Les leçons se font souvent au sol mais peuvent aussi parfois se faire assis ou debout. Les participants sont invités à explorer et observer les sensations liées à leur façon d’organiser leur mouvement. Certaines leçons peuvent demander de fournir un certain effort physique mais il est toujours recherché le mouvement le plus juste, le plus économique. Dans tous les cas, c’est la qualité du mouvement qui est recherchée. Il n’y a ni esprit de compétition, ni efforts musculaires inutiles. Chacun va à son rythme et expérimente la solution la mieux adaptée pour lui afin de découvrir une nouvelle façon d’organiser ses mouvements.
« La lenteur est nécessaire pour démasquer les efforts superflus ou parasites et permettre leur élimination partielle. »
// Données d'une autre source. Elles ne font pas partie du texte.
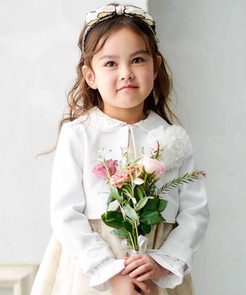 -26SS- 丸みのあるボレロ丈がワンピースと相性の良いノーカラージャケット。 ■デザイン やわらかく軽さのあるリップルポンチ素材で動きやすく着心地◎ 縁にラメ入りのブレードをあしらったラインで華やかさをプラスしました。 袖口の裏にレースを重ねることで袖を折り返して着ても可愛い仕様になっています。 カラーはフレッシュな印象のホワイトとネイビーの2色展開。 フォーマルシーンにぴったりなアウターです。 ■素材/機能 細かな畝が特徴的なリップルポンチ生地を使用。 柔らかい質感でしわになりにくくお子様にも窮屈感なく着ていただきやすい1着です。 裏地には軽い質感のコットンオーガンジーを使用しています。 26春夏アイテム 【2026年春 入学 卒園 COLLECTION】 入学式や卒園式など特別な日に彩りを添えるフォーマルアイテム。 フレッシャーズにぴったりな品の良さ・華やかさのあるアイテムを揃えました。 主役のこどもたちの自分らしさに寄り添うオケージョンコーディネートを見つけてください。 【BeBe(べべ)】 ”LOVE MODERN” 少しおませで、生意気なヨーロピアンカジュアルの提案。 時代性・流行性をとらえ、ベーシックでもワンポイントを施した遊び心、楽しさを盛り込んでいます。 シンプルだけど、こだわりのあるオリジナリティーを重視しています。

« (…) plus un mouvement vous devient familier, plus sa vitesse augmente et, avec elle, sa puissance. »
Séances individuelles
Les leçons d’Intégration fonctionnelle sont dispensées en séances individuelles. Cette fois, le praticien guide, par le toucher, la personne dans sa prise de conscience et dans son apprentissage. Il ne s’agit pas de manipulations au sens thérapeutique du terme. Le praticien invite la personne à être à l’écoute d’elle-même et lui suggère, à l’aide de ses mains, de façon douce, précise et non intrusive de nouvelles possibilités d’organisation en initiant des mouvements lents et faible amplitude.
« L’intention [de la méthode Feldenkrais] est d’organiser le corps pour qu’il bouge avec un minimum d’effort
et un maximum d’efficacité, non pas au moyen de la force musculaire,
mais par une conscience accrue de son fonctionnement. »
Moshe Feldenkrais
Quelques citations de Moshe Feldenkrais
« Je pense que l’unité du corps et de l’esprit est une réalité objective. Il ne s’agit pas de deux parties plus ou moins reliées entre elles, mais d’un tout fonctionnellement inséparable. »
« En nous concentrant sur les moyens de parvenir au but plutôt qu’en nous talonnant pour y parvenir, nous apprenons plus facilement, plus tranquillement et plus rapidement. »
« A travers le toucher , deux personnes, le touchant et le touché, peuvent devenir un nouvel ensemble : deux corps reliés l’un à l’autre par les bras et les mains forment une nouvelle entité. Les mains sentent en même temps qu’elles dirigent. Tous deux, le touchant et le touché, sentent ce qu’ils ressentent l’un et l’autre à travers leurs mains jointes, même s’ils ne comprennent pas et ne savent pas ce qui est en train de se passer. La personne touchée devient consciente de ce que ressent la personne qui la touche et, sans savoir pourquoi, modifie sa configuration pour se conformer à ce qu’elle sent qu’on attend d’elle. En touchant, je ne demande rien à la personne que je touche ; je sens seulement ce dont la personne touchée à besoin, qu’elle-même le sache ou non, et ce que je peux faire à cet instant pour qu’elle aille mieux. »
« Ce que je cherche, ce ne sont pas des corps souples, mais des cerveaux souples ; c’est restaurer en chacun sa dignité humaine. »
« (…) comment un individu peut-il être amené à trouver ce qu’il y a d’unique en lui et ainsi à apporter une contribution essentielle, non seulement à lui-même, mais à la société ? »
Pour en savoir plus
Moshe Feldenkrais a écrit de nombreux ouvrages, je vous recommande : Energie et bien-être par le mouvement – les fondements de la méthode Feldenkrais chez Dangles éditions. Les citations notées dans cet article en sont toutes extraites.